For most victims, the support of solicitors and barristers are essential in the pursuit of the financial compensation that they should be entitled to. However, claimants face a complex system of funding options created by the Ministry of Justice, which are acting to restrict the potential access to justice for victims.
Previously, access to legal counsel was widely available through Legal Aid and the subsequent introduction of ‘no win no fee agreements’. However, this innovation gave rise to criticism of high costs accrued in these cases, that insurers had to foot the bill for. In an attempt to tackle the high costs of injury claims, Legal Aid was withdrawn in 2013, which gave lawyers the opportunity to secure fees through no-win, no fee opportunities and damages-based agreements. However, again over time these funding arrangements have faced criticism over high costs.
Since then, the Ministry of Justice and the Court have slowly been eroding funding options, to supposedly reduce the cost of such injury claims with the introduction of the low value claims portal for Employer Liability/Public Liability and Road Traffic Accident, introduced in July 2013 for claims valued up to £25,0000.

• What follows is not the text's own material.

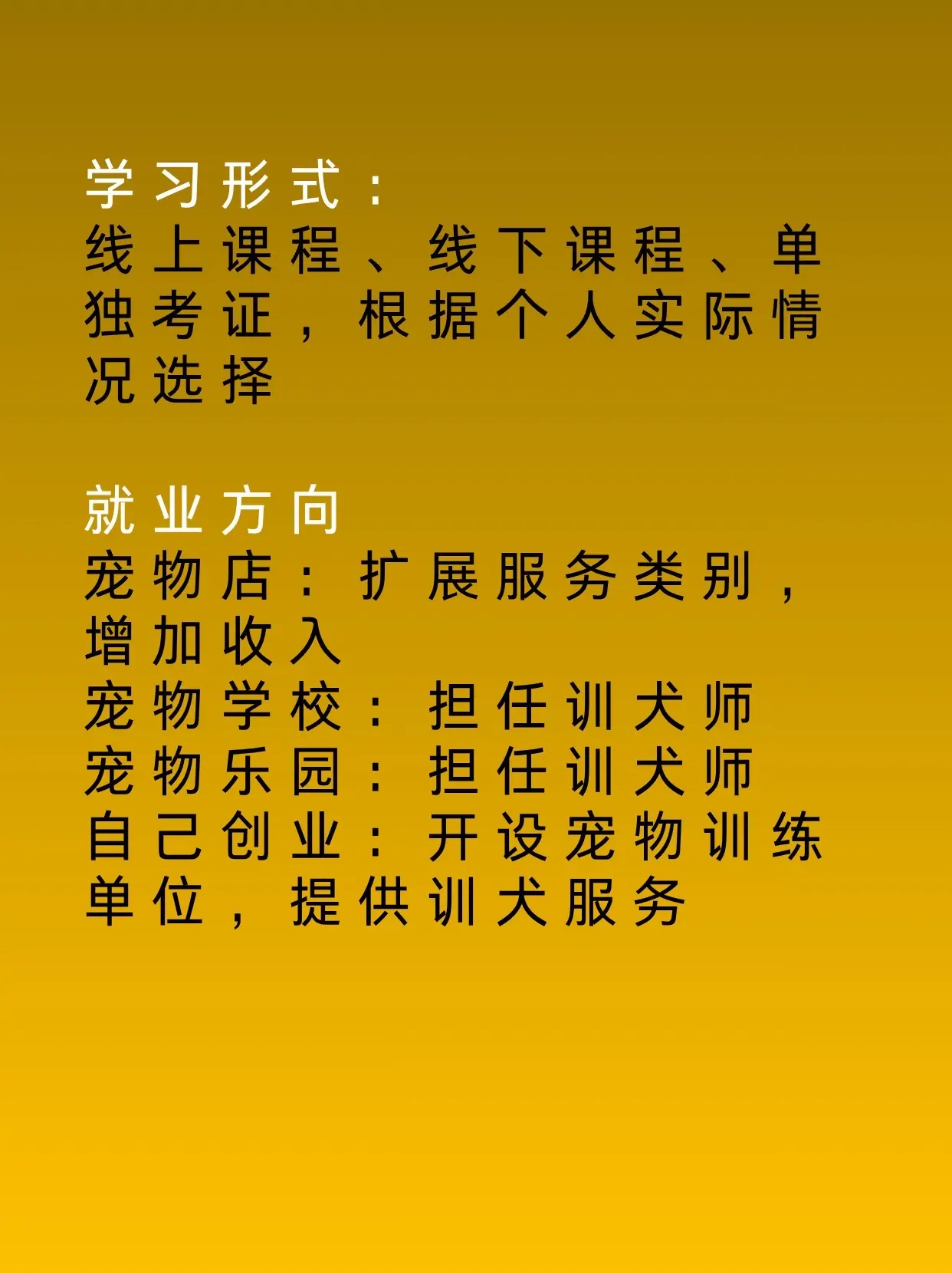 训犬师考证。宠物经济越来越火,所以将来会越来越合规!

This portal established fixed costs according to claim value. For example, for an employer liability claim, valued at under £25,000 and settled prior to the issue of proceedings for £20,000, in the highest complexity band, a lawyer would be entitled to recover £3,097.00 plus an amount equivalent to 10% of any damages over £10,000. Unfortunately, firms quickly realised that it was near impossible to take on and service cases within this fixed cost model.

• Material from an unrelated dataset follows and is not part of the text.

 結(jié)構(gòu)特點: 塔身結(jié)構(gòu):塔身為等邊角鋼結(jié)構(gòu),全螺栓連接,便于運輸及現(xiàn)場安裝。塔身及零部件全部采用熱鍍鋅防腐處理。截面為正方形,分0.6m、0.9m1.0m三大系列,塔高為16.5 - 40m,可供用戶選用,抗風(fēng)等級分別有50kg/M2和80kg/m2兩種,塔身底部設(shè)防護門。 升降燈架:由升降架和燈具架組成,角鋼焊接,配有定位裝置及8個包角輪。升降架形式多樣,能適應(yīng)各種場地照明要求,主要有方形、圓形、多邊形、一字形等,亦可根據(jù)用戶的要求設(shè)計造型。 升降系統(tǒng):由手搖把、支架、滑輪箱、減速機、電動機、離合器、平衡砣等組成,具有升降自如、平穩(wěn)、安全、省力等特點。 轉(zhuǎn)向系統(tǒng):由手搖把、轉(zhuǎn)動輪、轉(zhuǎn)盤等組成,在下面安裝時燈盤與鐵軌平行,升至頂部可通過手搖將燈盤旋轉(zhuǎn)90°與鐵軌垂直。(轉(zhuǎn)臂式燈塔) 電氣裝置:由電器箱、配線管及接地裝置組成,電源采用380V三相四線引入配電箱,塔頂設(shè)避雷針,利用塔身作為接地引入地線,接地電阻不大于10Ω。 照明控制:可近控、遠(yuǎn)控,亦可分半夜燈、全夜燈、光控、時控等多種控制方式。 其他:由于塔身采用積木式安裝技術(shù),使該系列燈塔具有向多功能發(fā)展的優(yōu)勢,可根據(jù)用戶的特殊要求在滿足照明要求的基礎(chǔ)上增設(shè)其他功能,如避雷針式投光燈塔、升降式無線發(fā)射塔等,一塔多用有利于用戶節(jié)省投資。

With law firms expected to take on and resolve a high volume of these cases, the portal’s model was simply not workable. Consequently, victims of injury are being turned away and finding that the choice of legal services available has become more limited.
From 1 October 2023, victims suffered a further blow with the extension of the Fixed Cost Regime. This reform introduced a new intermediate track, to incorporate claims valued between £25,000 and £100,000, to apparently address so-called ‘uncomplicated’ personal injury claims.
The change was designed to give certainty of the maximum costs the losing party will have to pay in advance, and to improve access to justice, whilst controlling legal costs across litigation and ensuring proportionality. However, in reality it is unlikely that the costs provided for will cover the actual costs of running personal injury claims. Instead, it acts to deny genuine victims of injury access to justice for a legitimate claim. This is because the intermediate track is so cost-inadequate, that firms seeking a fair commercial return will not be able to offer a full no win no fee agreement to clients. This is because even where the client wins, the potential recoveries are not proportionate to the work required to support the claim.
If law firms are to survive, they will have to give consideration to adjusting their fee structure and may be forced to charge clients the shortfall in solicitor/client costs and the costs allowed by the fixed costs regime. Alternatively, some providers may decline to take on personal injury claims where the value is considered to be below £100,000, if it is unlikely to be economically viable. Ultimately, firms for whom smaller claims are their bread and butter are likely to have to re-evaluate whether they can continue to operate on such reduced costs recovery, and will increasingly find it difficult to stay in business.
The expansion of the fixed cost regime has caused firms to question the offer of conditional free agreements for claims where the value of the potential damages is likely to be under £100,000. Firms may consider adjusting their fee structure such as asking Claimants to pay privately for part of the legal services to pursue their claim, to cover the shortfall in costs as a result of the fixed costs regime.
Although the Fixed Recoverable Cost Regime currently only applies to Personal injury cases, there are proposals for the Regime to be extended to Clinical Negligence claims, with the original proposal for the Regime to be rolled out to claims valued between £1,501 and £25,000 by April 2024. This has since been delayed as there are calls from various bodies, including the Association of Consumer Support Organisations, for the reform to be delayed or dropped altogether.
In line with concerns over the recoverability of costs in Personal Injury Claims, there are also significant arguments against the Regime being rolled out to Clinical Negligence claims. All Clinical Negligence claims, no matter how small in value, involve a degree of medical complexity and arguably are simply unsuitable to operate under a Fixed Cost Regime.
In rolling out the Regime, it is likely that some Solicitors will consider it uneconomic to take on any clinical negligence case with a potential value of below £25,000, limiting the availability of legal advice and limiting a Claimant’s access to justice. In such a scenario, the insurers to such claims would be the only beneficiaries.
Despite the ever-changing legal structure of Personal Injury and Clinical Negligence, our team at Seddons GSC continue to assist client to navigate these complex legal systems and secure the compensation they are entitled to.